In 2018, court documents filed in the case Students for Fair Admissions (SFFA) v. Harvard alleged that Harvard University officials lowered their internal personality scores for Asian American applicants in an effort to reduce Asian American enrollment in its undergraduate class. The court case, filed in an attempt to combat race-based affirmative action, will be decided by the Supreme Court later this year, perhaps reversing decades of precedent.
Canonical opposition of affirmative action points to unfair practices like those of Harvard aiming to show the so-called “positive discrimination” actually leads to unnecessary inequity against qualified applicants. Other arguments claim that the problems affirmative action tackles can be solved more effectively by boosting socioeconomically disadvantaged students instead.
But this stance misses the true goal of affirmative action for elite schools like Harvard: Not to form a truly holistic and ultimately meritocratic system where the most deserving gain admission, but rather to produce a carefully calibrated student body to uphold their public image and money-making business.

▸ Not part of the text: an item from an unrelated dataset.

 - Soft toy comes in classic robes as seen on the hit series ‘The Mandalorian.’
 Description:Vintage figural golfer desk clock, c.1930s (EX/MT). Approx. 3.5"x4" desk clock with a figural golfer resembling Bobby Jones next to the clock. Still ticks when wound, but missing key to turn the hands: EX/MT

For example, the original complaint by SFFA points to differences in Asian American enrollment between Harvard, which takes race into account in admissions, and the California Institute of Technology (Caltech), which does not. Harvard’s percentage of Asian American enrollment stayed flat, while Caltech’s dramatically increased between 2000 and 2010, purportedly proving that Harvard’s use of race-based affirmative action causes it to deviate from the (implied) “ideal,” in which students are selected based on academic merit alone.

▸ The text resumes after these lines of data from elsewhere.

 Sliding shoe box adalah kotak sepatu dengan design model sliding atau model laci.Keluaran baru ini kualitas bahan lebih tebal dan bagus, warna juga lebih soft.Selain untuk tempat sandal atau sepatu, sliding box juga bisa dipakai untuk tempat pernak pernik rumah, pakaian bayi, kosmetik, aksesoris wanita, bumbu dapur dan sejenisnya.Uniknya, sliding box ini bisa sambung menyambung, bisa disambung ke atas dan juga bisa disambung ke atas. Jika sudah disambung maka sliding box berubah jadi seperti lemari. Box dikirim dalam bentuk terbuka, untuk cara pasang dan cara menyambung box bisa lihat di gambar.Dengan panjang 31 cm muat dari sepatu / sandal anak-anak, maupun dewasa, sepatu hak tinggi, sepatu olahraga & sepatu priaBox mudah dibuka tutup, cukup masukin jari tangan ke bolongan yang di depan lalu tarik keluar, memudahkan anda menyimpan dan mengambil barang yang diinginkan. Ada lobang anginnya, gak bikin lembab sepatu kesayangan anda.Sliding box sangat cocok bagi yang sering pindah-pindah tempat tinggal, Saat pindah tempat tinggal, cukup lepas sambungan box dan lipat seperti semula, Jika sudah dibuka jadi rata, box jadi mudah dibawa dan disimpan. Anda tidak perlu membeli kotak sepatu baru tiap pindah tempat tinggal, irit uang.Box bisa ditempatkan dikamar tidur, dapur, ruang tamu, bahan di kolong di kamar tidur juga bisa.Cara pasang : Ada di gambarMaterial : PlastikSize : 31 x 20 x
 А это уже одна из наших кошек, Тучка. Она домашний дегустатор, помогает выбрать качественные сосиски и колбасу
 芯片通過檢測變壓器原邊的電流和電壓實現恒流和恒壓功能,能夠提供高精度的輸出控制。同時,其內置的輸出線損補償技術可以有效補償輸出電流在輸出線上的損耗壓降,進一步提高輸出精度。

Regardless of whether these differences positively or negatively reflect on Harvard’s admissions process, they demonstrate that Harvard takes extreme care to have a precise racial makeup for its class, in contrast to Caltech. So do Harvard and its admissions officers truly believe that its system of “positive discrimination” makes Harvard a better place to study? Maybe. But ultimately it does not matter because Harvard believes that delicately balancing its undergraduate class and advertising itself as a bastion of “diversity and inclusion” help secure its place as an elite Ivy League institution.
In a similar way, Harvard has come under fire for its practice of legacy admissions, in which the relatives of alumni, especially well-heeled donors, are more likely to be accepted. The original complaint by SFFA alleges that Harvard uses a special admissions list called the “Z-list,” from which around 20 to 50 students are selected each year, to admit overwhelmingly white, legacy, wealthy and academically worse applicants.
However, regardless of whether Harvard actually cares to help those who are less fortunate by giving them financial need-based admissions boosts, rewarding the alumni who donate to Harvard actively encourages other wealthy individuals to give money as well.
As a result, Harvard’s actions say that the school is willing to admit a few dozen less deserving individuals if it means that they will continue to receive large donations. In other words, Harvard puts its success as a business above other factors.
Thus, arguments, like those in the Supreme Court case, that treat affirmative action as a purely ethical issue on the best way to combat the past abuses of discrimination ignore the root cause of the issue: The fact that schools like Harvard are incentivized to make a profit.
Actually “fixing” affirmative action, then, requires a dramatic shift in how private colleges are viewed, away from selling a certain education (and its corresponding degree) for a price and toward preparing all people for the world. But this is a cultural rather than a legal shift — perspectives must change before laws can. Before then, attempts to fix the consequences rather than the causes of affirmative action, even those handed down by the Supreme Court, will be much ado about nothing.